#### PROMPT:
Transcribe each record word for word. Skip the images.

#### EXERCISE DATA:
══════════════════════════════

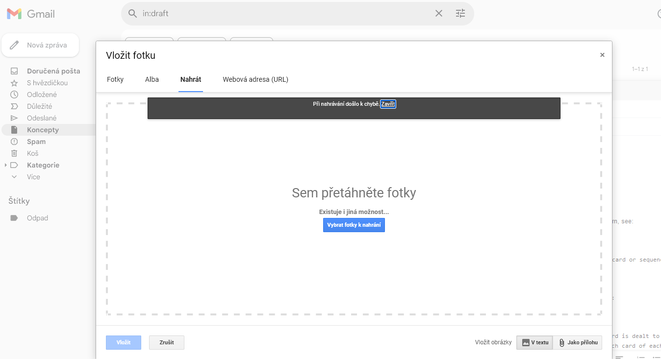Včera i dnes jsem se setkal u Gmailu s problémem, že jsem nebyl schopen do mailu vložit obrázek/screenshot v *png. Ani tažením myší, ani výběrem z adresáře.
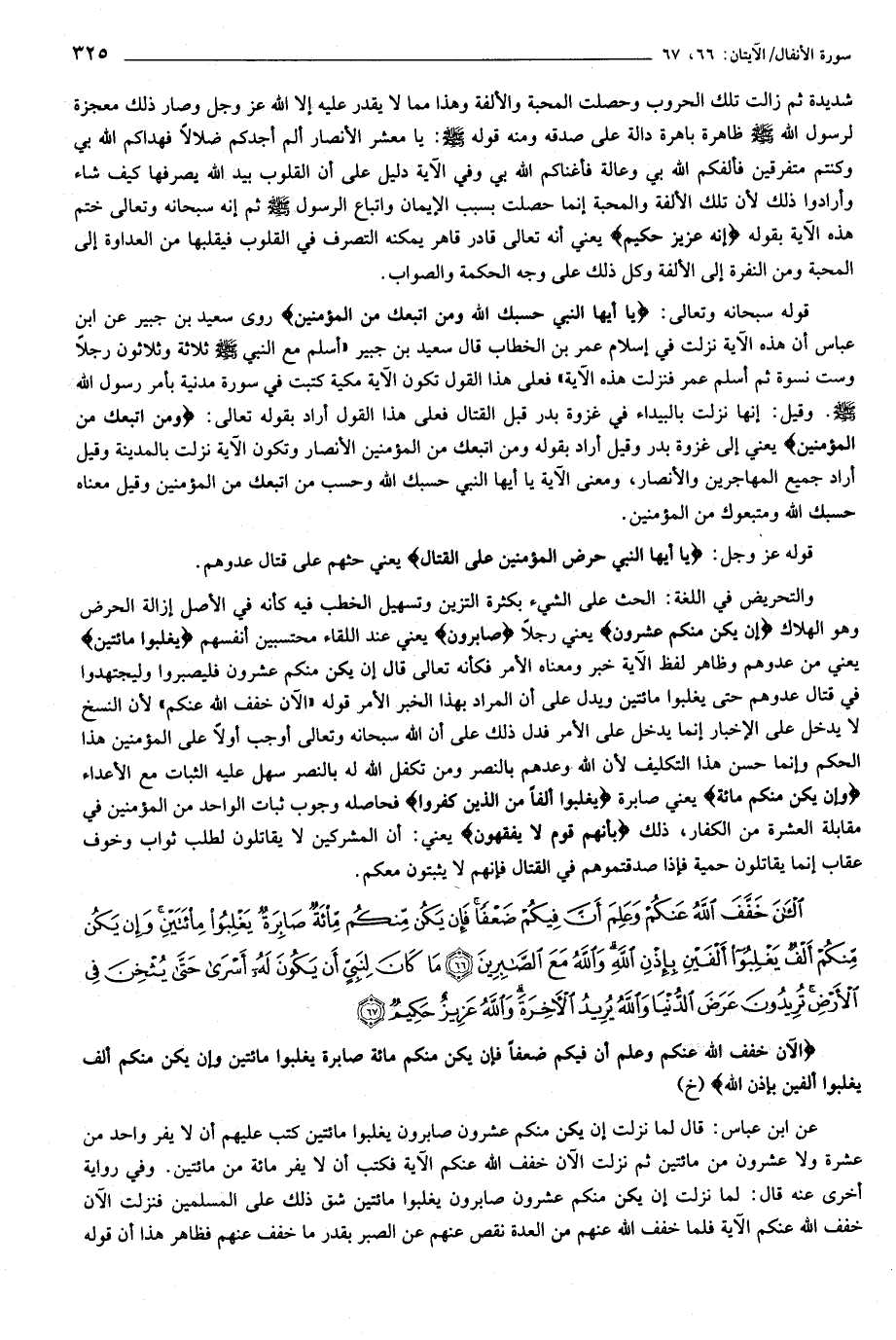 الْآنَ خَفَّفَ اللَّهُ عَنْكُمْ وَعَلِمَ أَنَّ فِيكُمْ ضَعْفاً فَإِنْ يَكُنْ مِنْكُمْ مِائَةٌ صابِرَةٌ يَغْلِبُوا مِائَتَيْنِ وَإِنْ يَكُنْ مِنْكُمْ أَلْفٌ يَغْلِبُوا أَلْفَيْنِ بِإِذْنِ اللَّهِ (خ) عن ابن عباس: قال لما نزلت إن يكن منكم عشرون صابرون يغلبوا مائتين كتب عليهم أن لا يفر واحد من عشرة ولا عشرون من مائتين ثم نزلت الآن خفف الله عنكم الآية فكتب أن لا يفر مائة من مائتين. وفي رواية أخرى عنه قال: لما نزلت إن يكن منكم عشرون صابرون يغلبوا مائتين شق ذلك على المسلمين فنزلت الآن خفف الله عنكم الآية فلما خفف الله عنهم من العدة نقص عنهم عن الصبر بقدر ما خفف عنهم فظاهر هذا أن قوله
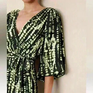 V-neck overlap. Balloon long sleeves with elasticated cuffs.
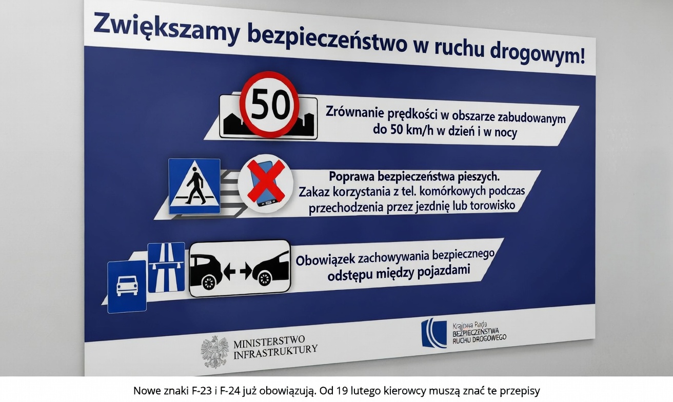 Od 19 lutego 2026 roku na polskich drogach obowiązują nowe przepisy dotyczące oznakowania. Wprowadzono między innymi znaki F-23 i F-24, które mają zwiększyć bezpieczeństwo ruchu drogowego.
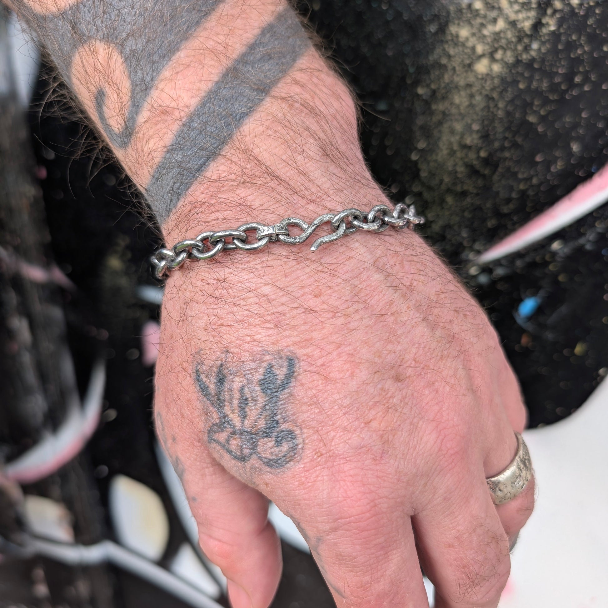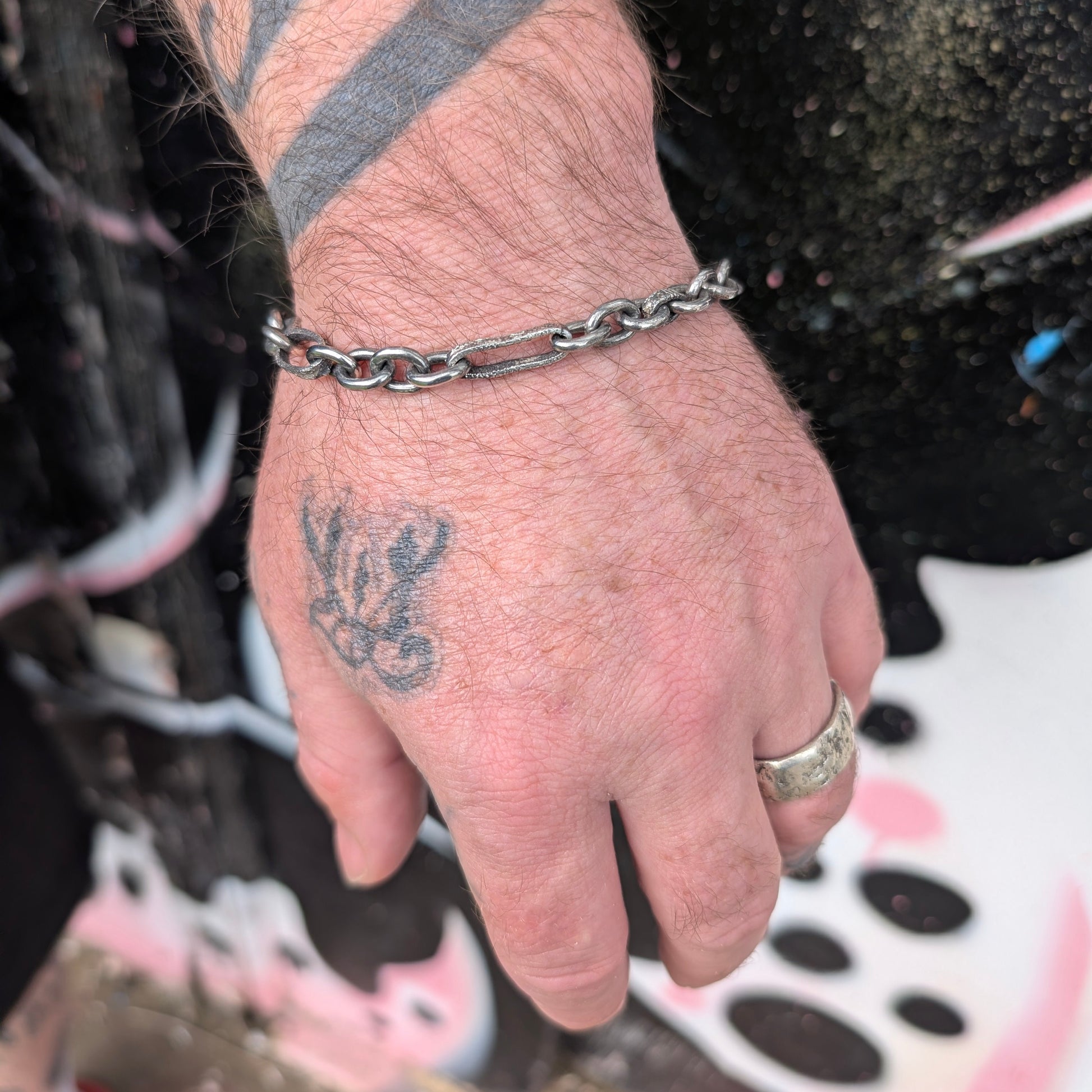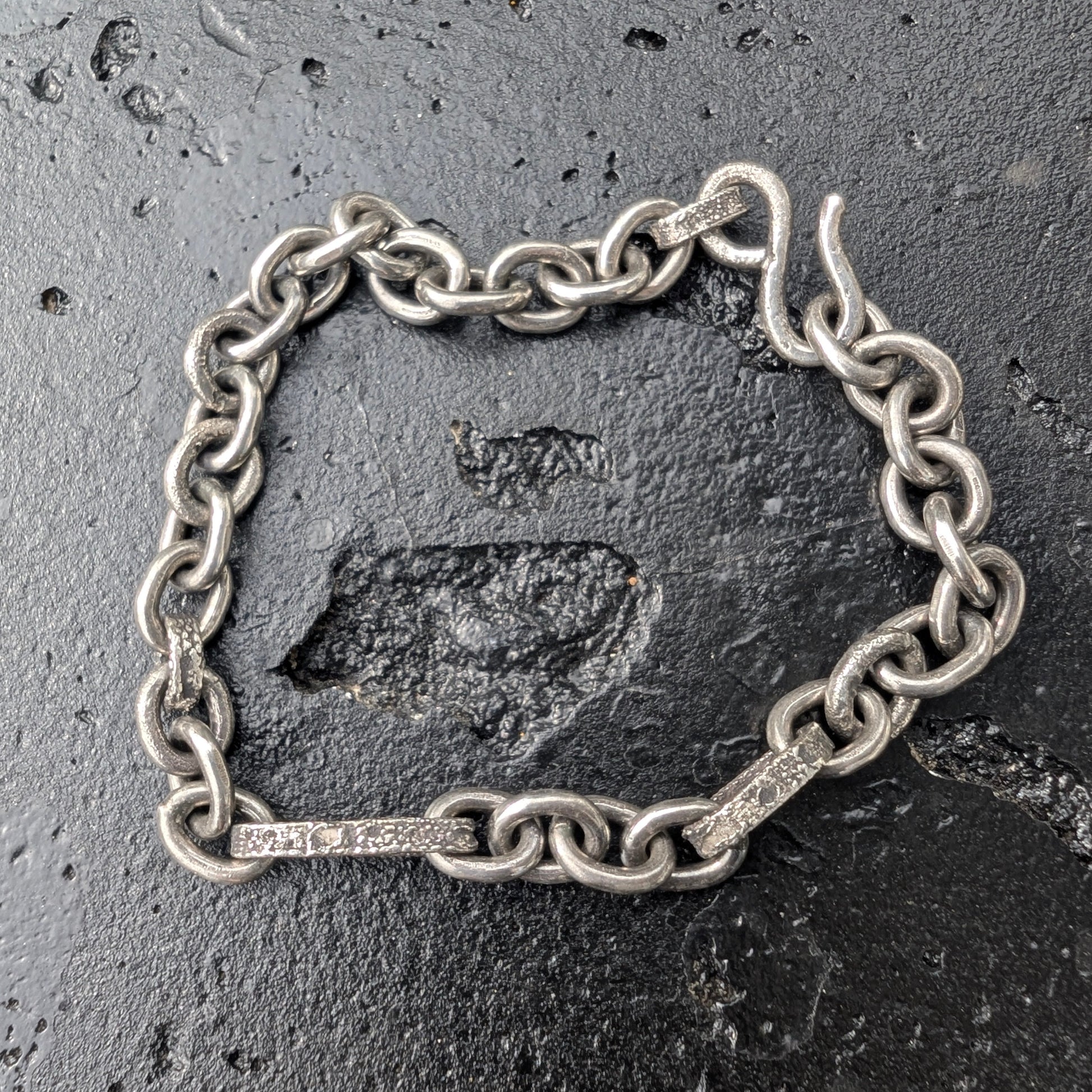 A cable style bracelet with textured rectangular links and a hook closure.
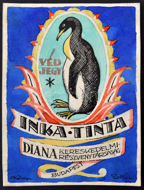 Kónya Zoltán (1891-?): Inka-Tinta, reklámterv. Vegyes technika, papír,... https://www.darabanth.com/de/270-Fernauktion/270.0/Andere-Sammelgebiete/Gemalde-und-Grafiken~6/Konya-Zoltan-1891-Inka-Tinta-reklamterv-Vegyes-technika-papir-jelzett-12x9-cm~II1365368
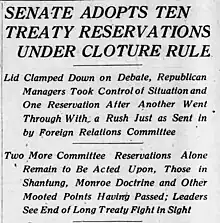 - ↑ Bomboy, Scott (November 15, 2017). "On this day, Wilson's own rule helps defeat the Versailles Treaty". National Constitution Center. Archived from the original on February 3, 2023. Retrieved May 15, 2019.
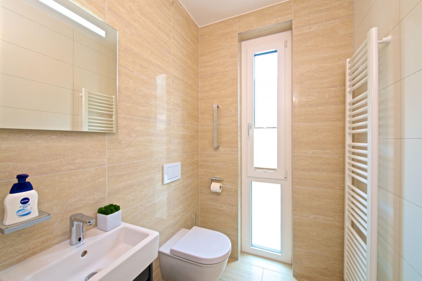 Das moderne Tageslichtbad verfügt über einen Doppelwaschtisch mit integrierten Schubladen, einem großen beleuchteten Spiegelschrank, einer geräumigen ebenerdigen Dusche, einem Handtuchheizkörper und einem WC. Eine Waschmaschine und Trockner stehen Ihnen kostenlos zur Verfügung. Ein separates WC mit einem weiteren Handtuchheizkörper steht Ihnen zur Verfügung.
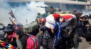 Un multitudinario cortejo fúnebre recorre las calles de El Alto y La Paz. Por delante van dos féretros y detrás miles y miles de dolientes. Son gente humilde; pobladores de El Alto, artesanos, campesinos, vecinos, madres, indígenas de las provincias de La Paz, Potosí, Cochabamba y Oruro. Han caminado con su dolor cerca de diez kilómetros, y a su paso salen trabajadores, comerciantes y estudiantes llorosos que se persignan, aplauden y entregan agua y pan a los que marchan. La ciudad está paralizada, y la gente de los barrios populares está de luto. Solo el 20 de noviembre, en la zona de Senkata, ocho pobladores fueron asesinados con armas de fuego militar, más de un centenar fueron heridos de bala, llegando a treinta y cuatro los muertos en los últimos nueve días del golpe de Estado en Bolivia.
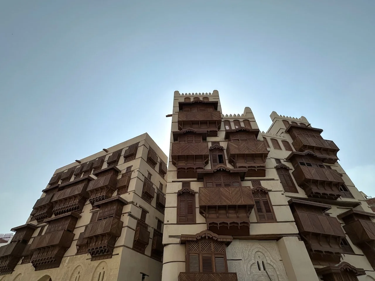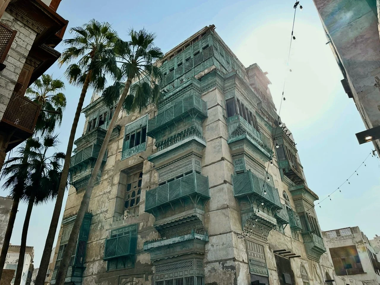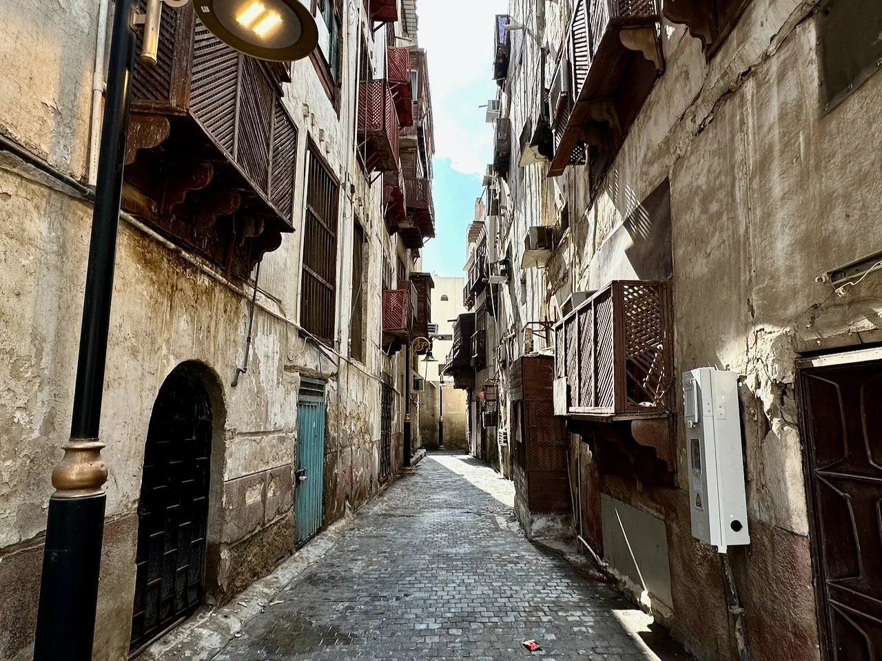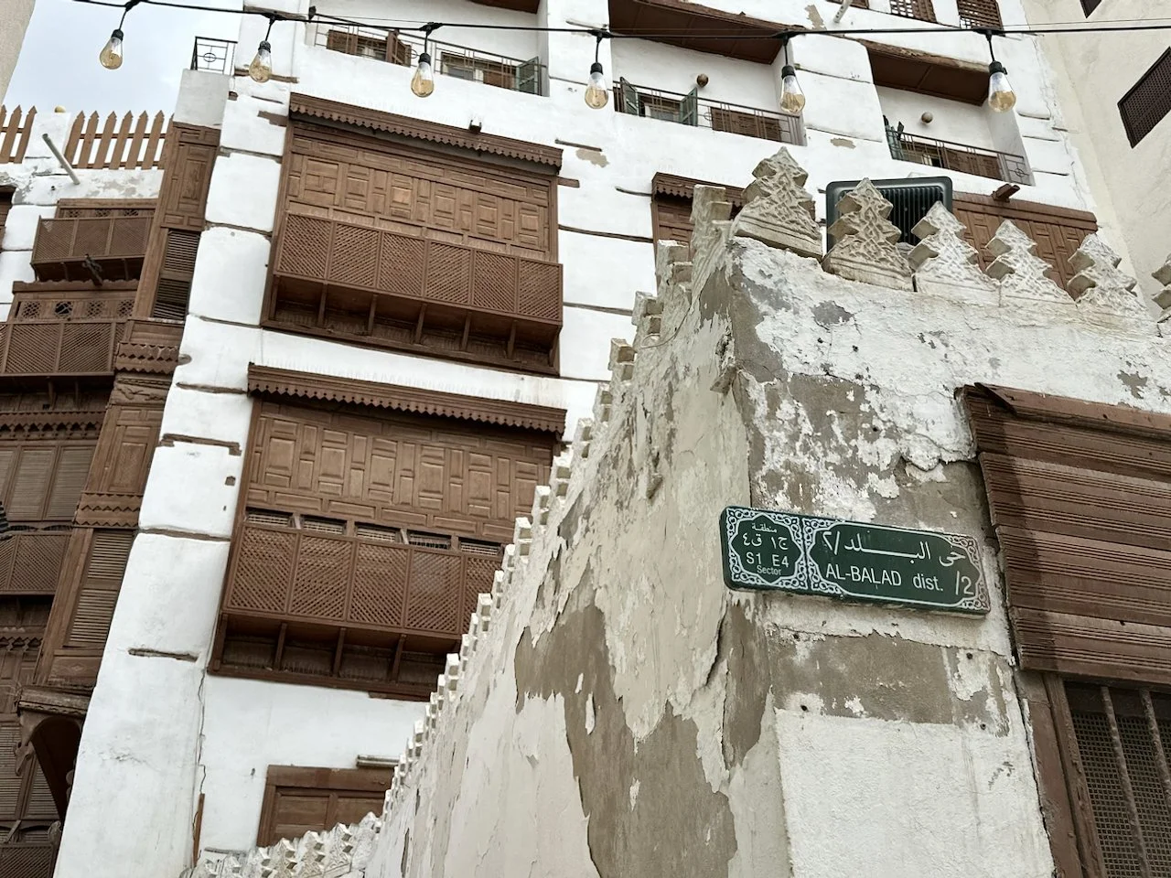 What I see is a forest of mashrabiya (oriel windows and balconies enclosed with carved wooden latticework). It is traditional wisdom for living in a city where the highest temperature rises above 40°C (105°F) in summer. I have just stepped into a breathtaking labyrinth of Hijazi houses wrapped in an overdose of mashrabiyas. Thank you, HRH MbS, for preserving this gem for the future. The Al-Balad district is a treasure of the world, not just for Saudi Arabia.

══════════════════════════════

#### PROBLEM SOLUTION:
Včera i dnes jsem se setkal u Gmailu s problémem, že jsem nebyl schopen do mailu vložit obrázek/screenshot v *png. Ani tažením myší, ani výběrem z adresáře.
 الْآنَ خَفَّفَ اللَّهُ عَنْكُمْ وَعَلِمَ أَنَّ فِيكُمْ ضَعْفاً فَإِنْ يَكُنْ مِنْكُمْ مِائَةٌ صابِرَةٌ يَغْلِبُوا مِائَتَيْنِ وَإِنْ يَكُنْ مِنْكُمْ أَلْفٌ يَغْلِبُوا أَلْفَيْنِ بِإِذْنِ اللَّهِ (خ) عن ابن عباس: قال لما نزلت إن يكن منكم عشرون صابرون يغلبوا مائتين كتب عليهم أن لا يفر واحد من عشرة ولا عشرون من مائتين ثم نزلت الآن خفف الله عنكم الآية فكتب أن لا يفر مائة من مائتين. وفي رواية أخرى عنه قال: لما نزلت إن يكن منكم عشرون صابرون يغلبوا مائتين شق ذلك على المسلمين فنزلت الآن خفف الله عنكم الآية فلما خفف الله عنهم من العدة نقص عنهم عن الصبر بقدر ما خفف عنهم فظاهر هذا أن قوله
 V-neck overlap. Balloon long sleeves with elasticated cuffs.
 Od 19 lutego 2026 roku na polskich drogach obowiązują nowe przepisy dotyczące oznakowania. Wprowadzono między innymi znaki F-23 i F-24, które mają zwiększyć bezpieczeństwo ruchu drogowego.
 A cable style bracelet with textured rectangular links and a hook closure.
 Kónya Zoltán (1891-?): Inka-Tinta, reklámterv. Vegyes technika, papír,... https://www.darabanth.com/de/270-Fernauktion/270.0/Andere-Sammelgebiete/Gemalde-und-Grafiken~6/Konya-Zoltan-1891-Inka-Tinta-reklamterv-Vegyes-technika-papir-jelzett-12x9-cm~II1365368
 - ↑ Bomboy, Scott (November 15, 2017). "On this day, Wilson's own rule helps defeat the Versailles Treaty". National Constitution Center. Archived from the original on February 3, 2023. Retrieved May 15, 2019.
 Das moderne Tageslichtbad verfügt über einen Doppelwaschtisch mit integrierten Schubladen, einem großen beleuchteten Spiegelschrank, einer geräumigen ebenerdigen Dusche, einem Handtuchheizkörper und einem WC. Eine Waschmaschine und Trockner stehen Ihnen kostenlos zur Verfügung. Ein separates WC mit einem weiteren Handtuchheizkörper steht Ihnen zur Verfügung.
 Un multitudinario cortejo fúnebre recorre las calles de El Alto y La Paz. Por delante van dos féretros y detrás miles y miles de dolientes. Son gente humilde; pobladores de El Alto, artesanos, campesinos, vecinos, madres, indígenas de las provincias de La Paz, Potosí, Cochabamba y Oruro. Han caminado con su dolor cerca de diez kilómetros, y a su paso salen trabajadores, comerciantes y estudiantes llorosos que se persignan, aplauden y entregan agua y pan a los que marchan. La ciudad está paralizada, y la gente de los barrios populares está de luto. Solo el 20 de noviembre, en la zona de Senkata, ocho pobladores fueron asesinados con armas de fuego militar, más de un centenar fueron heridos de bala, llegando a treinta y cuatro los muertos en los últimos nueve días del golpe de Estado en Bolivia.
 What I see is a forest of mashrabiya (oriel windows and balconies enclosed with carved wooden latticework). It is traditional wisdom for living in a city where the highest temperature rises above 40°C (105°F) in summer. I have just stepped into a breathtaking labyrinth of Hijazi houses wrapped in an overdose of mashrabiyas. Thank you, HRH MbS, for preserving this gem for the future. The Al-Balad district is a treasure of the world, not just for Saudi Arabia.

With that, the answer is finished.